Em meio de tantos fatos hedônicos, volto ao mesmo ponto que toquei meses atrás. Uma vida refeita para ser consultada após vários segundos de vivência, e quando digo vários não economizo em quantidade momento algum.
Tendo os braços livres, os dedos soltos, começo a marcar intervalos de tempo que nunca sairão de minha memória. Potes postos atrás de objetos marcantes, conteúdos previstos para um futuro incerto, uma vida que poderia ser mais, muito mais se tudo conspirasse a favor de nós. Um ano e meio sem conseguir encontrar uma pessoa morando na mesma cidade, mesmo com horários marcados e lugares certos para isto; e apenas depois de todo esse tempo o destino se rende e acaba não ligando mais para as interrupções da felicidade de seres.
E aquela música tocada hoje em dia por nós, nesta roda que me envolve, não fará o sentido que aquele dia o momento fez fazer, fazendo e refazendo feitos, meus sonhos rodeados em uma garrafa sem ao menos ser expresso por olhares que poderiam fazer total sentido ao seu peito apertado em sentimentos febris.

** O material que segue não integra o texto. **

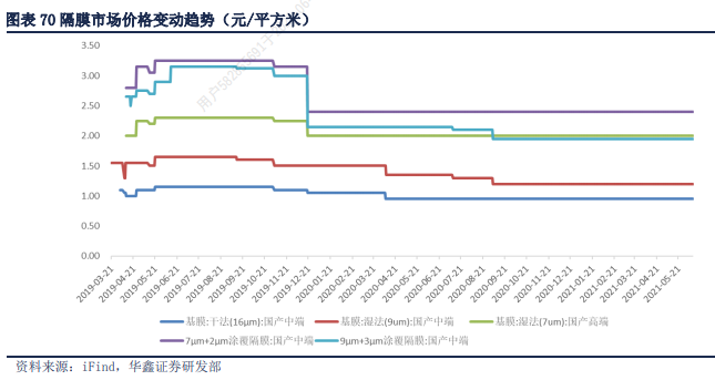 华鑫证券研报显示,2019年锂电池隔膜部分产品价格出现断崖式下跌,且2020年仍有小幅下跌的情形。
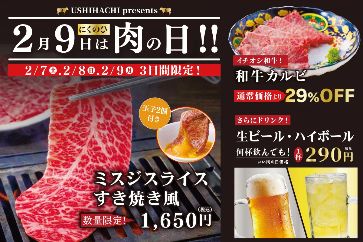 2026年2月7日(土)から9日(月)までの3日間、焼肉店「USHIHACHI」が年に一度の特別なキャンペーンを開催します。この期を逃すと味わえない限定メニューや破格の飲み物メニューがご用意されていますので、ぜひお見逃しなく!
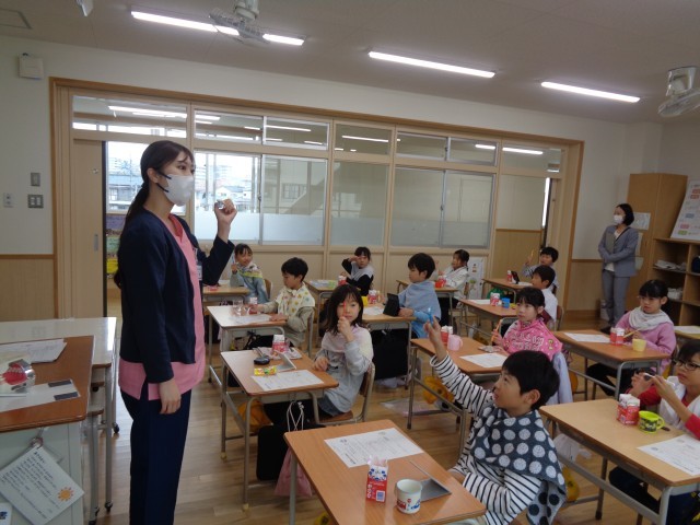 6歳臼歯や、虫歯ができる様子についてお話をしていただき、歯磨きの仕方について教えていただきました。
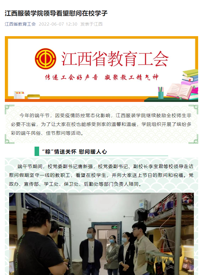 新闻链接:江西省教育工会:江西服装学院领导看望慰问在校学子
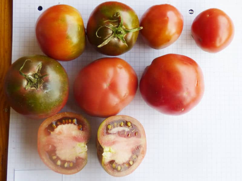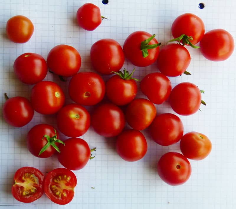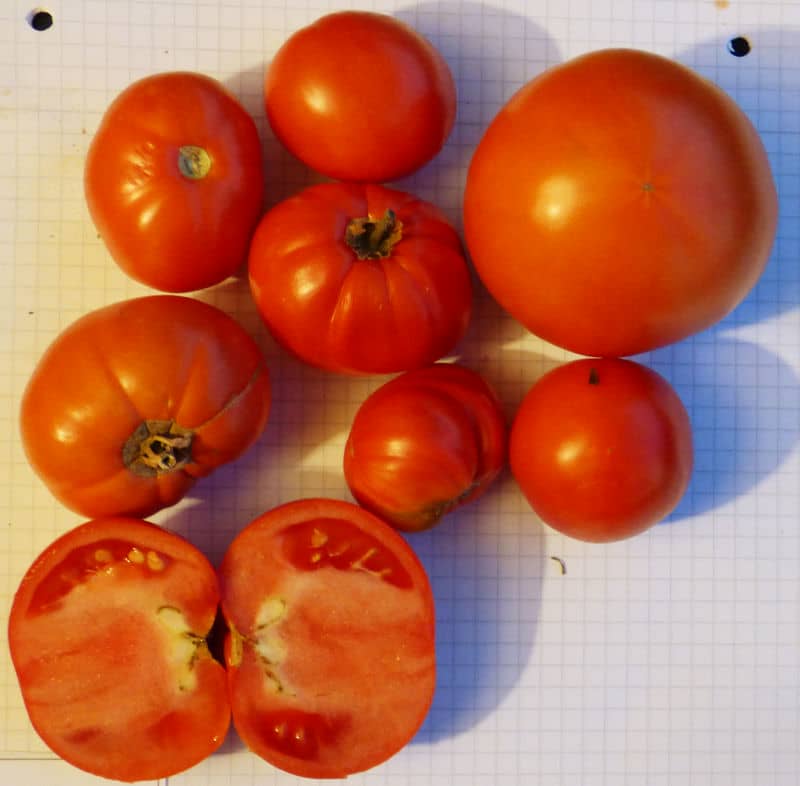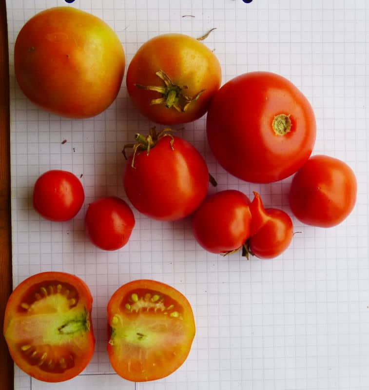 (alle zweikemmerig mit Tendenz zur Hohlkammerigkeit!) von ca. 2m hohen Pflanzen. Geschmack nicht schlecht. Gute Sorte! {RB19}Pfl. bis 3m. Früchte nicht platzfest, 3-5cm
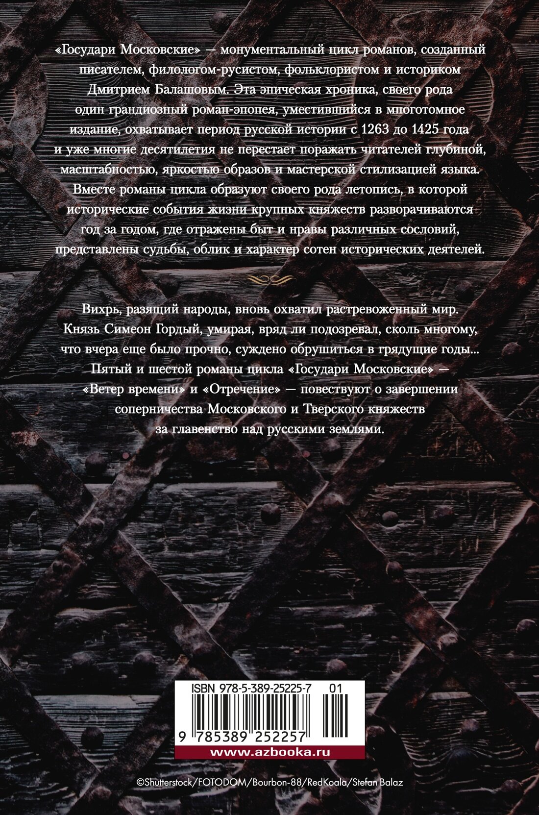 «Государи Московские» — монументальный цикл романов, созданный писателем, филологом-русистом, фольклористом и историком Дмитрием Балашовым. Эта эпическая хроника, своего рода один грандиозный роман-эпопея, уместившийся в многотомное издание, охватывает период русской истории с 1263 до 1425 года и уже многие десятилетия не перестает поражать читателей глубиной, масштабностью, яркостью образов и мастерской стилизацией языка. Вместе романы цикла образуют своего рода летопись, в которой исторические события жизни крупных княжеств разворачиваются год за годом, где отражены быт и нравы различных сословий, представлены судьбы, облик и характер сотен исторических деятелей. Вихрь, разящий народы, вновь охватил растревоженный мир. Князь Симеон Гордый, умирая, вряд ли подозревал, сколь многому, что вчера еще было прочно, суждено обрушиться в грядущие годы… Пятый и шестой романы цикла «Государи Московские» — «Ветер времени» и «Отречение» — повествуют о завершении соперничества Московского и Тверского княжеств за главенство над русскими землями.
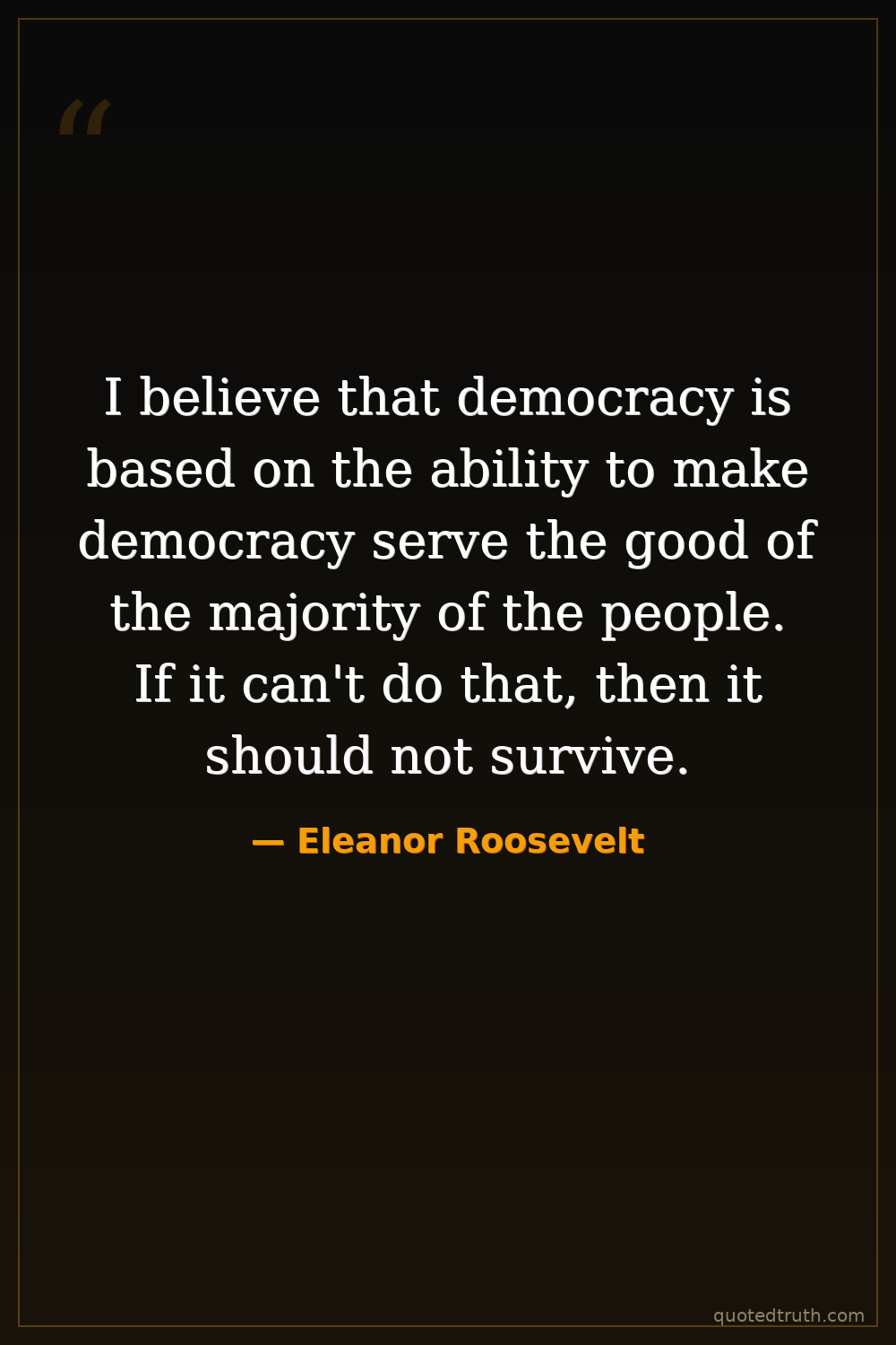 I believe that democracy is based on the ability to make democracy serve the good of the majority of the people. If it can't do that, then it should not survive.
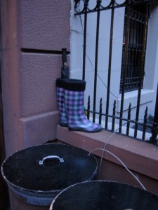 When I returned to my sanctum sanctorum to pick up Coco’s birthday gift* and head downtown, I noticed that The Trash Phantom had visited my building while I was out.  The Trash Phantom is That Wily One that leaves  junk prominently displayed within close proximity of the trashcans without putting said junk actually inside the trashcans.  The Trash Phantom must deem this junk as having value to some schnook passing by in this neighborhood, where the average resident earns $80k.  I do not earn anywhere near $80k, but I also have standards and an immense fear of athlete’s foot. Therefore, this pair of purple plaid rain boots from The Eyesore Collection stuffed with an umbrella near my building’s trashcans had zero appeal to me.
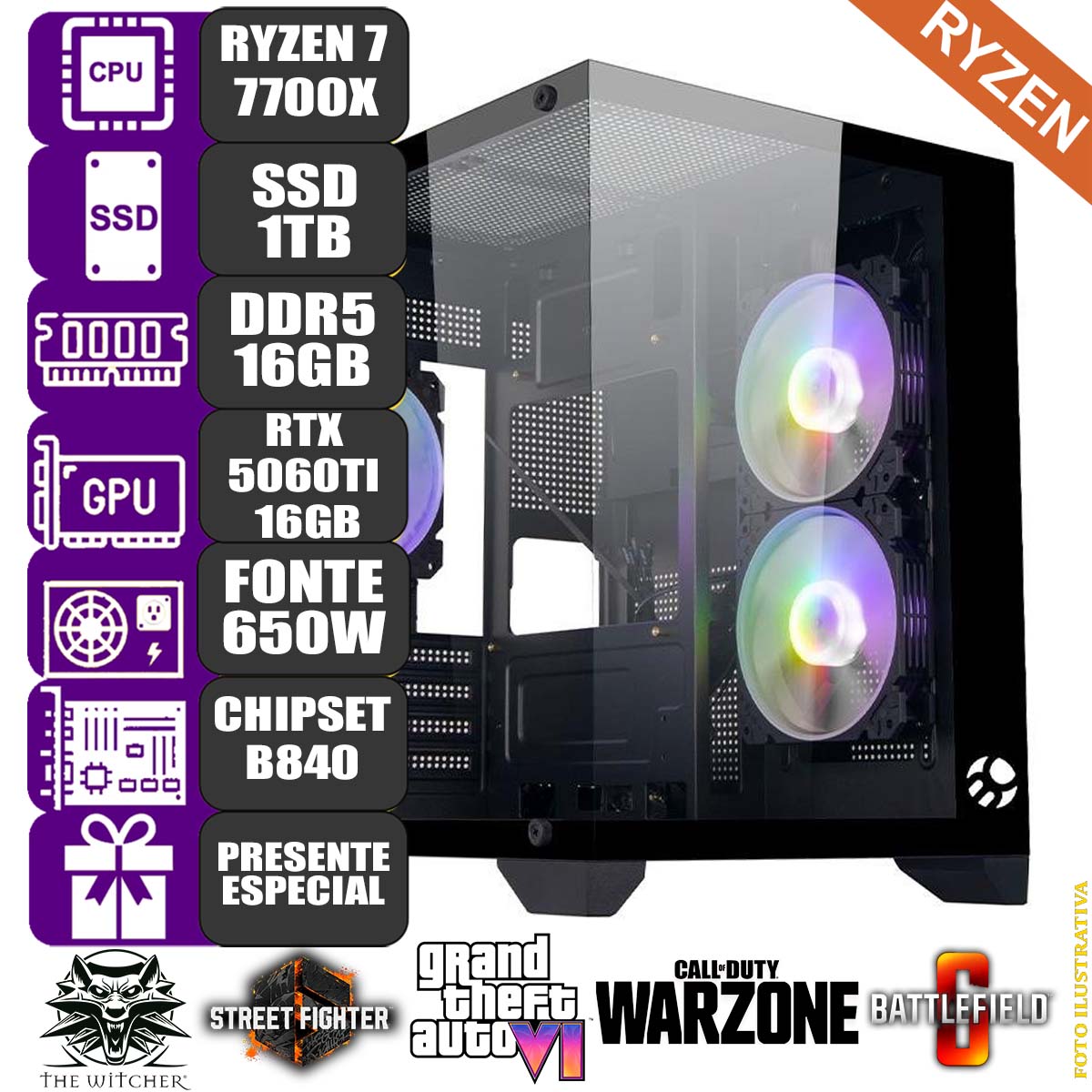 - Desempenho otimizado para jogos exigentes, com a potente configuração do Ryzen 7 7700X e a placa de vídeo RTX 5060 Ti.
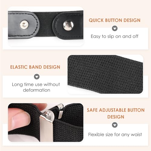 2 Pack Side Loop No Buckle Elastic Belt for Women & Men, Adjustable Invisible Waist Belt System with Dual Loop Design for Jeans & Pants, Fits 1.4" Innovative Belt Loops Universal Size Black 5
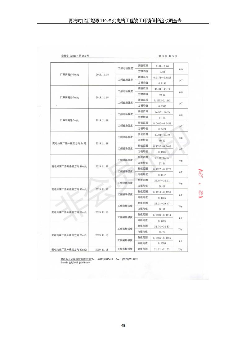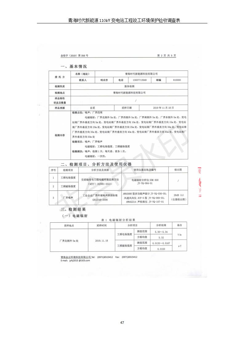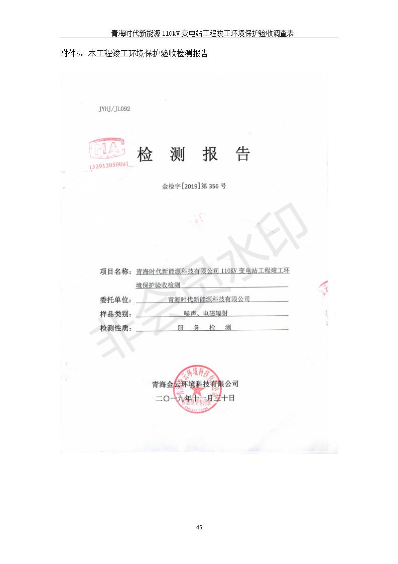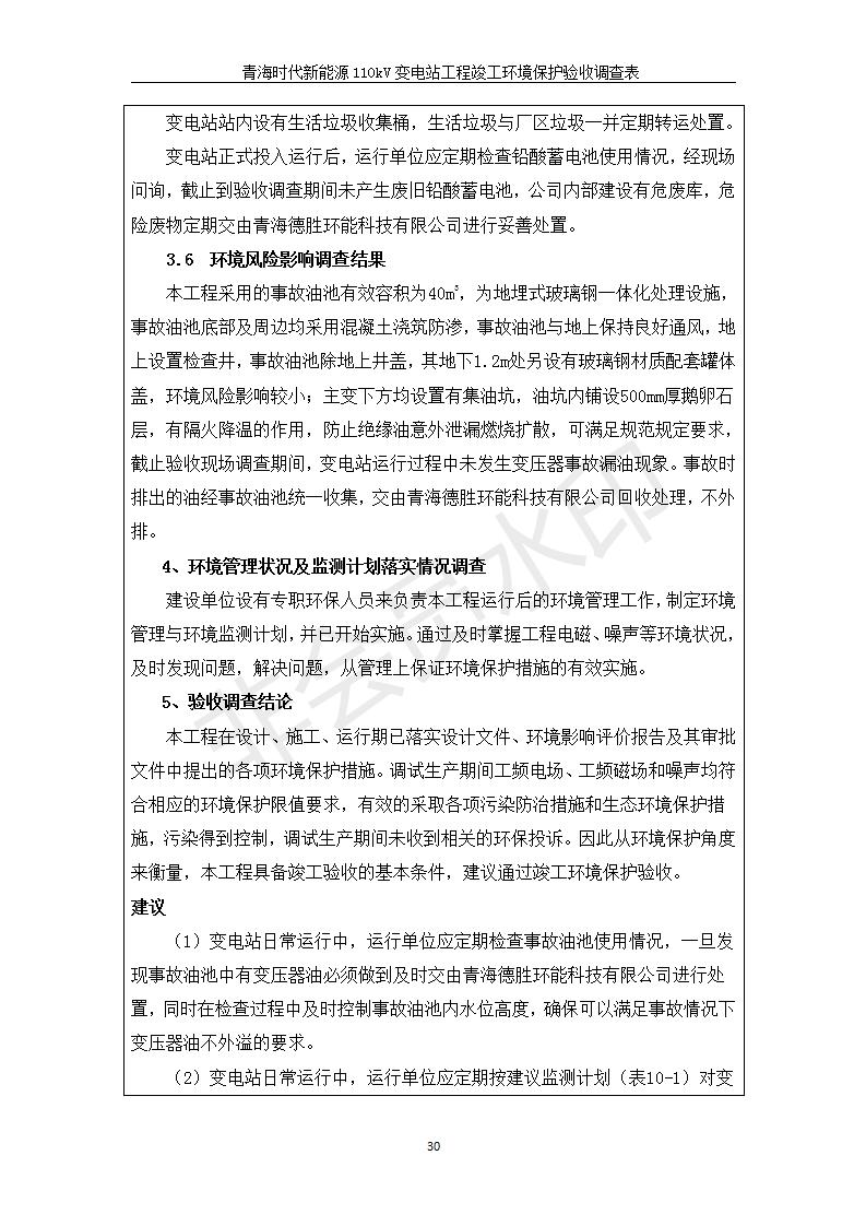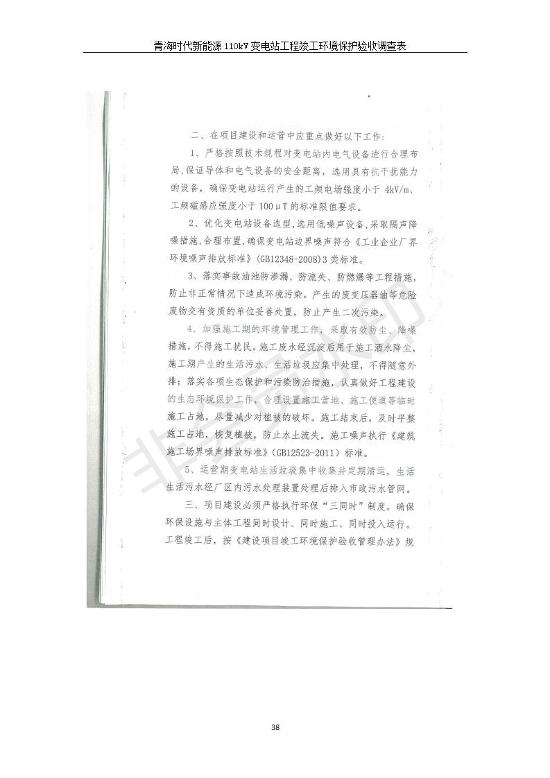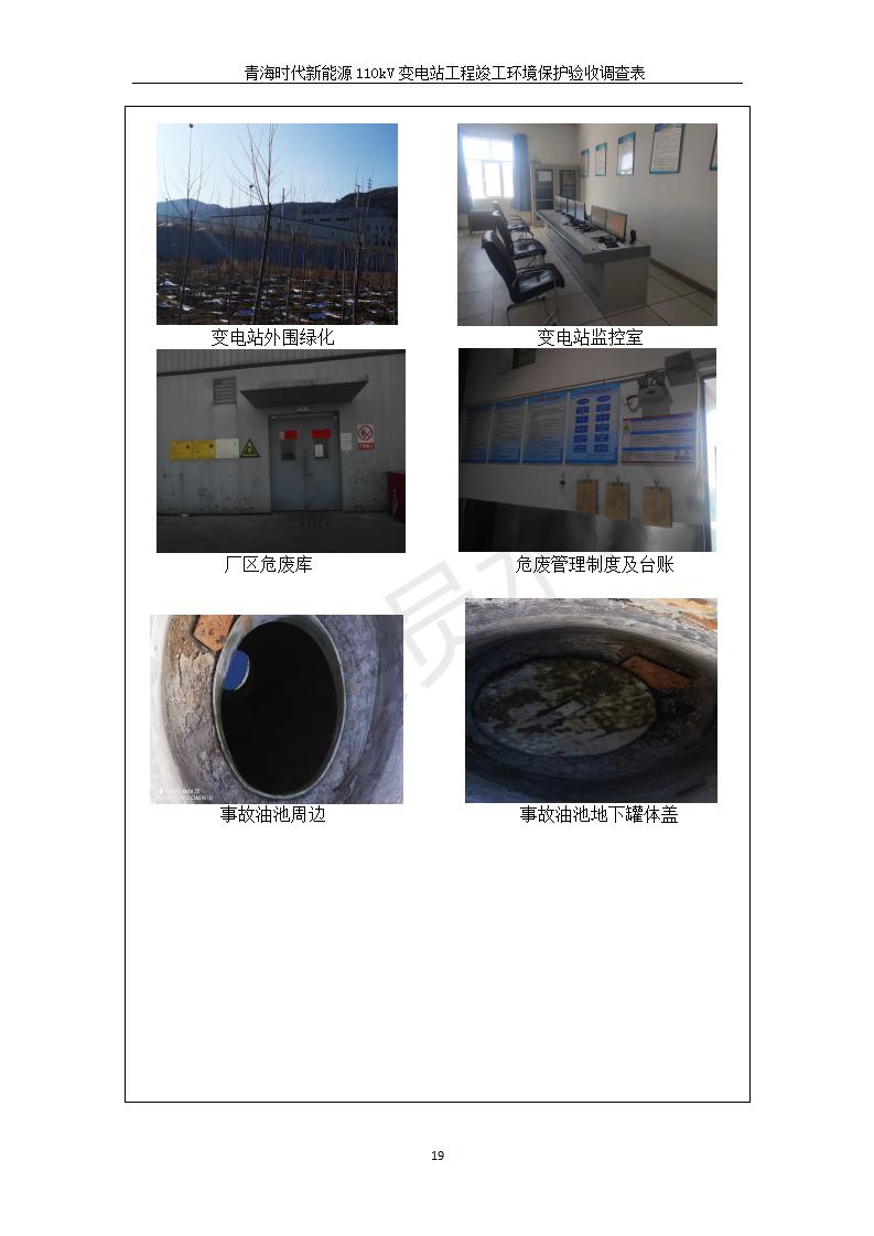 根據(jù)中華人民共和國(guó)國(guó)務(wù)院令第682號(hào)《國(guó)務(wù)院關(guān)于修改〈建設(shè)項(xiàng)目環(huán)境保護(hù)管理?xiàng)l例〉的決定》和《建設(shè)項(xiàng)目竣工環(huán)境保護(hù)驗(yàn)收暫行辦法》(國(guó)務(wù)院令682號(hào)),青海時(shí)代新能源110kV變電站工程(包括竣工環(huán)境保護(hù)驗(yàn)收調(diào)查表和驗(yàn)收意見)公示如下。 一、項(xiàng)目名稱:青海時(shí)代新能源110kV變電站工程 二、地點(diǎn):青海省西寧市南川工業(yè)園區(qū)創(chuàng)業(yè)路182號(hào)青海時(shí)代新能源科技有限公司廠區(qū)內(nèi) 三、建設(shè)單位:青海時(shí)代新能源科技有限公司 四、建設(shè)內(nèi)容:青海時(shí)代新能源 110kV 變電站采用全戶內(nèi)布置方式,依據(jù)環(huán)評(píng)報(bào)告及批復(fù)文件,經(jīng)現(xiàn)場(chǎng)踏勘本工程建設(shè)只包含變電站建設(shè)部分,輸電線路由南川工業(yè)園區(qū)管委會(huì)負(fù)責(zé)建設(shè),輸電線路不屬于本次驗(yàn)收調(diào)查范圍。工程本期規(guī)模2×31.5MVA,電壓等級(jí)為110/10kV。變電站 110kV 出線間隔最終2回,本期建設(shè)出線間隔2回;10kV最終電纜出線8回,本期電纜出線6回。 五、聯(lián)系人:張工 六、聯(lián)系電話:0971-6515411 七、公示時(shí)間:二〇二〇年一月十四日至二〇二〇年二月十三日 公示期間,對(duì)上述公示內(nèi)容如有異議,請(qǐng)以書面形式反饋,個(gè)人須署真實(shí)姓名,單位須加蓋公章。
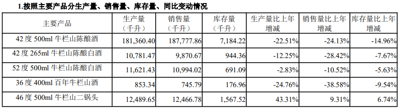 比如,42度500ml牛栏山陈酿酒、36度400ml百年牛栏山酒销售量均比上年分别下降了24.13%和38.58%;仅46度500ml牛栏山二锅头销售量实现正增长,比上年增长9.31%。

Cabeça baixa, mãos entrelaçadas, braços sem força, corações disparados, calores trocados em busca do equilíbrio que um dia Aristóteles quis afirmar, mas acabou com suas ideias interrompidas por estar apaixonado.
As luzes lá fora iluminarão visões de diferentes pessoas. Já nascemos ouvindo que cada um é cada um, e ninguém mexe no que foi feito para começar e terminar intacto.
Anuncio agora, senhoras e senhores, o fim de tudo, o fim da moral constituída na forma de uma religião imposta por maiores; e hoje você tem raiva de todas essas mascaras das pessoas, que cheias de graça impõem verdades à serem aceitas, mas amanhã, aaaaaaah, amanhã, sinto em dizer e ser negada, mas você fará graça e ignorará todas elas, e elas por fim terão raiva, pois agora você pensa.
Honorários em cima de pensamentos distintos, e tudo o que posso afirmar é que mesmo com luzes não consigo enxergar mais nada.